3 tahun, bayangkan saja! Kebutuhan-kebutuhan saya dan R terabaikan, hingga puncaknya sudah tidak ada lagi prioritas. Saya sudah terlalu banyak komplain dan juga sudah terlalu banyak diam hingga lelah sendiri, hingga perasaan saya sudah berubah terlalu jauh dan sulit untuk dikembalikan seperti semula. Saya menganggap komunikasi sudah tidaklah penting, karena ujung-ujungnya juga percuma. Mungkin R juga mengalami hal yang sama, karena hal yang seharusnya ia ingat malah terhapus. Gak banyak ayah dan ibu saya katakan selain, saya berhak bahagia untuk diri saya sendiri dan anak saya, apapun keputusan saya. Yang penting saya harus kuat dan sehat demi R, karena R masih butuh saya.

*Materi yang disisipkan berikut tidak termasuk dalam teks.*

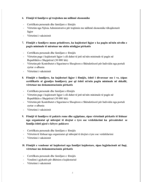 Aplikimi do të kryhet vetëm për fëmijët të cilët nuk kanë frekuentuar më parë çerdhet publike të Bashkisë Tiranë.
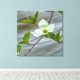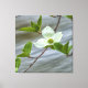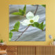 Une photographie de fond montre une fleur délicate de bois de chien du Pacifique avec un centre vert, entouré de feuilles verts et dynamiques. La fleur est positionnée sur une branche brune mince, avec un arrière - plan flou suggérant de l'eau ou une surface molle et neutre. L'image saisit la fraîcheur et la simplicité de la nature, mettant en évidence les détails complexes de la fleur et du feuillage.

Kita tidak punya kendali untuk mengubah sifat orang lain, yang bisa kita lakukan hanya maukah menerima atau tidak, semuanya tergantung pilihan hidup sendiri termasuk konsekuensinya.

Bisa dibilang, ini masa-masa tersulit yang terjadi dalam hidup saya.
Meskipun prioritas sudah tidak lagi seimbang, di sisi lain saya gak peduli berapa besar rasa kecewa dan sakitnya, gak peduli seberapa jauh hati saya berubah,
Yang saya tau saya belum menyerah, saya masih berjuang menghadapi keadaan,
meskipun rasanya sudah tidak lagi sama.